记录：访问者，访问日，集群（我们在哪里看到它），元数据

我们希望了解这些信息：

针对给定日期范围的一个或多个群集上的唯一身份访问者。
白天独立访客
为给定范围（平台，浏览器等）分组元数据

我坚持使用的模型是为了轻松查询这些信息：

{
   VisitorId:1, 
ClusterVisit: [
                {clusterId:1, dates:[date1, date2]},
                {clusterId:2, dates:[date1, date3]}
              ]
}

索引：

by VisitorId（确保唯一性）
通过ClusterVisit.ClusterId-ClusterVisit.dates（用于搜索）
by IdUser-ClusterVisit.IdCluster（用于更新）

我还必须将群组分成不同的集合，以便更有效地访问数据。

导入：首先，我们搜索VisitorId - ClusterId的组合，然后我们添加日期。

第二：如果第一个不匹配，我们upsert：

    $addToSet: {VisitorId:1, 
        ClusterVisit: [{clusterId:1, dates:[date1]}]
    }

如果clusterId不存在或者如果VisitorId不存在，则使用第一次和第二次导入。

问题：当集合增长时，更新/插入/ upsert完全低效（几乎不可能），我想因为添加新日期时文档大小变大。很难维护（主要是未设置日期）

我有一个超过50.000.000的集合，我不能再成长了。它只更新100个记录/秒。

我认为我使用的模型不是最适合这种信息的。

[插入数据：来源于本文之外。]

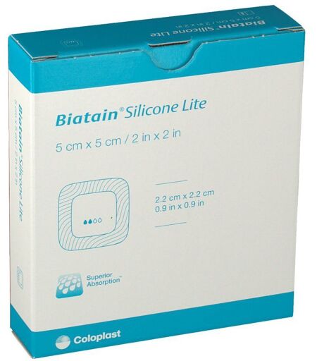 Exzellente Absorption mit sanfter Haftung für bessere Mobilität.Biatain Silicone Lite ist ein dünner und besonders flexibler Schaumverband mit sanfter Silikonhaftung.Er kann bei einem breiten Spektrum exsudierender Wunden eingesetzt werden und bietet sich an, wenn ein dünner Schaumverband benötigt wird.Biatain Silicone Lite kombiniert exzellente Absorption und erhöhte Mobilität.VerwendungBiatain® Silicone Lite kann bei einem breiten Spektrum exsudierender Wunden eingesetzt werden, insbesondere bei Ulcus cruris, Dekubitus, nicht infiziertem diabetischem Fußsyndrom, Spalthautentnahmestellen, postoperativen Wunden und Hautabschürfungen.Biatain® Silicone Lite eignet sich für nicht bis schwach exsudierende Wunden und kann auch unter Kompressionstherapie eingesetzt werden.Einzigartige 3D-Polymerschaumstruktur für exzellente Absorption.Wenn die einzigartige 3D-Polymerschaumstruktur von Biatain Silicone Lite mit Wundexsudat in Kontakt kommt, passt sie sich optimal den Konturen der Wunde an und sorgt so für exzellente Absorption.Die Absorptionsfähigkeit von Biatain Silicone Lite gewährleistet ein optimales Exsudatmanagement, sodass das Risiko von Mazeration und Leckagen minimiert wird.Sicherer HaltDie Wundauflage aus Silikon bietet einen sicheren, rutschfesten Halt bei gleichzeitig minimalen Schmerzen beim Verbandwechsel.Öffnen mit Non-Touch-TechnologieBiatain Silicone Lite wird mit einer 3-teiligen Folie mit Non-Touch-Technologie geöffnet, was eine aseptische, sichere und einfache Applikation ermöglicht und ein Verkleben mit Handschuhen verhindert. Weich, besonders flexibel und bequemDas weiche und besonders flexible Design von Biatain Silicone Lite gewährleistet eine exzellente Passform an Wunde und Körper.Das dünne Schaumkissen auf Hautniveau sorgt für hohen Tragekomfort.Biatain Silicone Lite eignet sich daher besonders für Wunden und Patienten, die mehr Mobilität benötigen.Bakterien- und duschdichtDie permeable Außenfolie ist bakterien- und duschdicht (Link zum Film, Abschnitt zur Bakterien- und Duschdichtigkeit)WirkungsweiseDas Wundexsudat wird von der einzigartigen 3D-Polymerschaumstruktur schnell aufgenommen, vertikal von der Wunde weggeleitet und sicher gespeichert, wobei dennoch ein feuchtes Wundmilieu erhalten bleibt, sodass optimale Bedingungen für die feuchte Wundheilung gegeben sind.Zusammensetzung des ProduktesBiatain® Silicone Lite ist ein dünner, besonders flexibler und absorptionsfähiger Polyurethan-Schaumverband mit einer semipermeablen, wasser- und bakterienabweisenden Außenfolie und einem weichen Silikonhaftrand. ...

你认为最好的是获得更多的upsert / sec并快速查询信息，然后我会在我学习并对它充满信心的情况下花费更多时间进行分片。

我在AWS上有一个x1.large实例具有10个磁盘的RAID 10

Answer 1

大型集合上的数组很昂贵：mapreduce，aggregate ...

试试.explain（）： MongoDB 'count()' is very slow. How do we refine/work around with it?

为索引添加显式提示： Simple MongoDB query very slow although index is set

完整堆？： Insert performance of node-mongodb-native

收集的内存空间结束： How to improve performance of update() and save() in MongoDB?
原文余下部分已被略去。